New technology, better education in the developing world, and last but certainly not least, profit optimization bring a new generation of U.S. workers into globalization’s crosshairs. White-collar workers who shrugged off the suffering of their blue-collar brothers and sisters over the last two decades now have a much different perspective on all that union grousing.

During the Reagan years, Americans were told not to worry about the bloodletting within our industrial labor base and the by now almost complete eradication of the nation’s manufacturing infrastructure as a new morning of service industry predominance was dawning in America. How globalized time flies. Now even those jobs within economic sectors purported to replace manufacturing don’t appear safe.

Previous rounds of outsourcing did not provoke the heated cries for intervention we hear today now that demographic samples among computer engineers and mid-management are exploring the dark side of globalization. I mean, it was one thing when some line workers at an assembly plant lost their jobs to teenagers in Mexico and China, but some of these guys have BMWs to pay off, for God’s sake. When will it end?

The short answer is that it never will. Capitalism is a force of incessant “creative destruction,” economist Joseph Schumpeter wrote in 1942, capable of provoking rapid and violent change in economic sectors and by extension among the lives of us mere mortals who inhabit them. This is actually good news, Schumpeter argues, since it means that, while many suffer, new opportunity and improved wages await those who survive economic restructuring. The problem is that while creative destruction can appear bloodless and rational from an academic distance, looking at the process through the filter of your last pay stub — something guys like Schumpeter are never forced to do themselves — the phenomenon is a lot more gory and unpleasant.

Fortunately, capitalism’s relentless creativity can be matched by some of our culture’s other relentless forces: Christian mercy and human empathy. It may be essentially beyond our power to stop economic “progress,” but that doesn’t mean we can’t shape it into something a little more humane as we experience it. That’s something America essentially failed to do when creative destruction swept through the ranks of its manufacturing workers.

Ultimately, no one can lay a geographically exclusive claim to a job or a standard of living. If workers in other countries are capable and qualified in our economically integrated world, then jobs will flow to places where they are frequently desperately needed. It is unclear if this kind of economic equilibrium-seeking could — or should — be interrupted.

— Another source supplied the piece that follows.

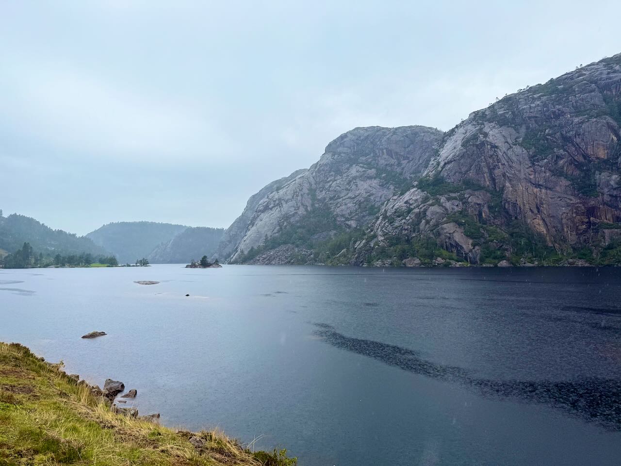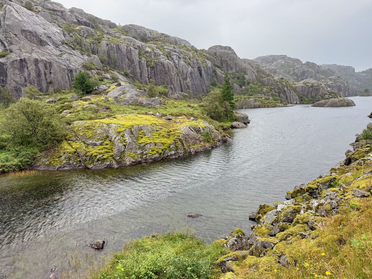 Also wir frühstücken auch und das auch draußen. Bisher war das Wetter sehr gnädig, heute begann der Tag bedeckt. Ab Mittag ist Regen angesagt. Wir fahren heute nach Flekkefjord, ein kleines Städtchen am Fjord und von da auch noch an den Jøssingfjord. Die Straße dorthin ist teilweise nur 3-4 m breit, das hält die Norweger aber nicht ab, dort auch mit großen 40t LKW mit Hänger hinzufahren. Hätte wohl doch den Wohnwagen mitnehmen sollen ;-). Leider ist das Wetter dann doch sehr regnerisch geworden, deshalb gibt es nicht so viele Bilder:

What we can do, however, is try to imagine societal structures that mitigate the impact of job loss while preparing a new generation of U.S. workers with better educations and an improved industrial infrastructure. While economic upheavals continue, we can respond with strategies that protect human dignity, acknowledging that no one deserves to be abandoned on the other side of a cycle of creative destruction.

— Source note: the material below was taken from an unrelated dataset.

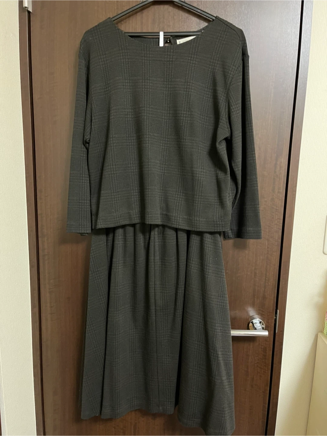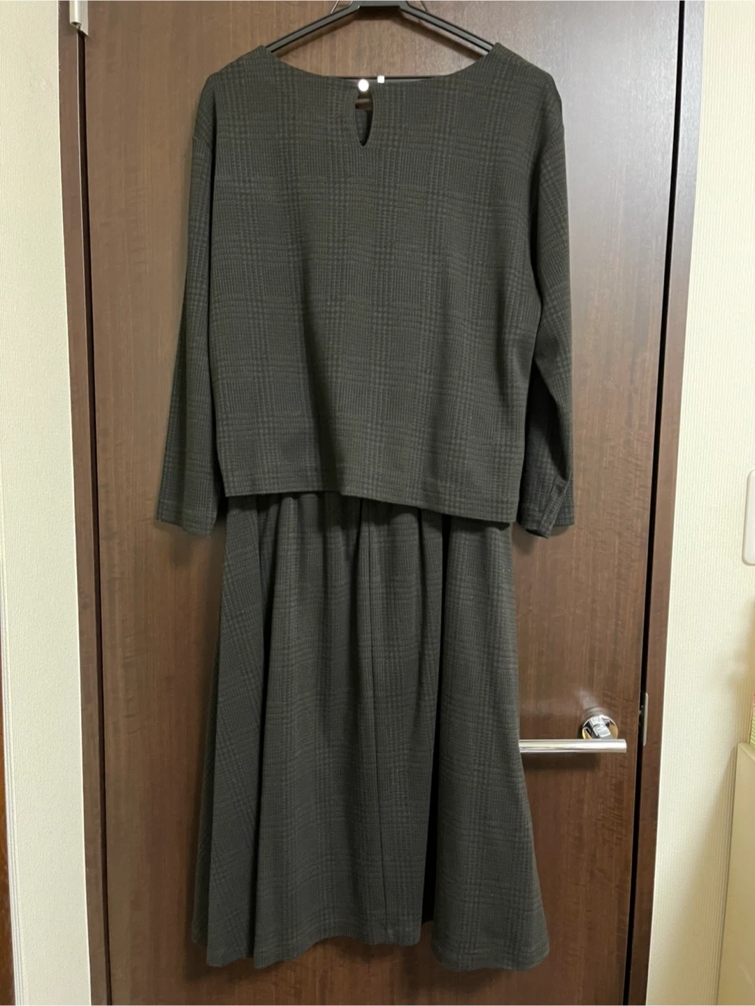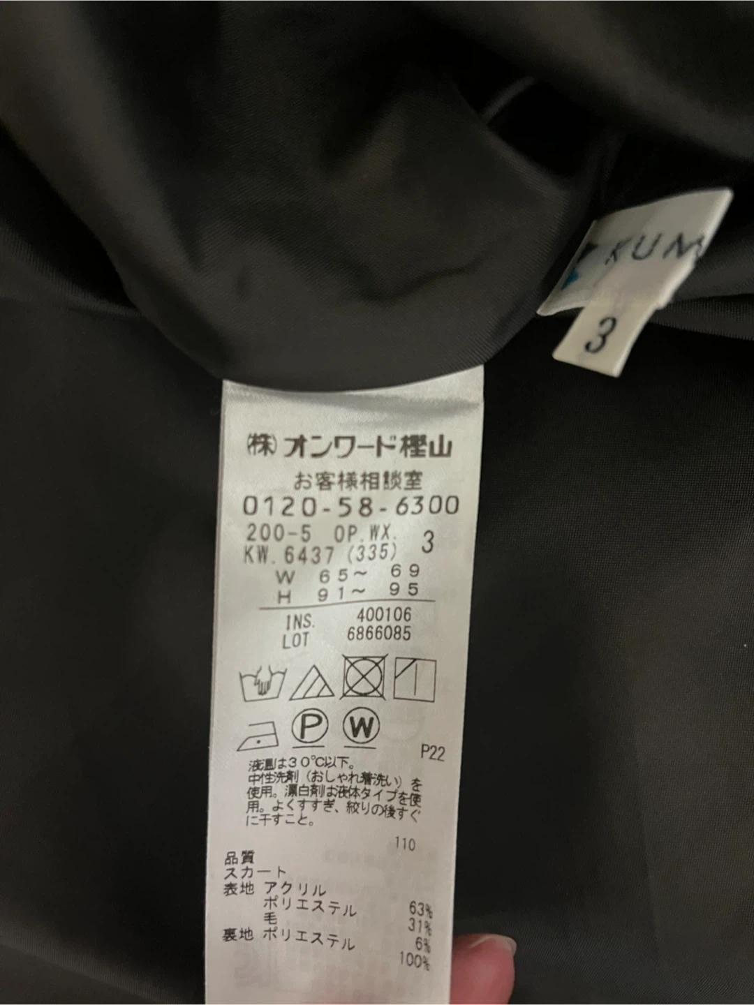 クミキョクのセットアップです 【情報】 ブランド:クミキョク サイズ:3 色:茶系のチェック 素材:スカート 表地 アクリル63%、ポリエステル31%、毛6%、裏地 ポリエステル100% トップス 着丈 約53cm スカート 着丈 約62cm スカートは後ろゴム(ポケット2つ) 1枚目と2枚目の写真は、全体像が わかるように、ハンガーを紐で繋いでます。 #組曲 #クミキョク #セットアップ

At the same time, we should build in protections against worker exploitation in the developing world. There’s no reason to reconstruct the 19th century in emerging economies as our globalization-empowered and -assailed world steps into, with some trepidation and no little tumult, the 21st.

Kevin Clarke, “Outsourcing Around: A New Round of Job Losses Reaches White-Collar Workers. Could Whiny Columnists Be Next,” U.S. Catholic 69 (May 2004): 33.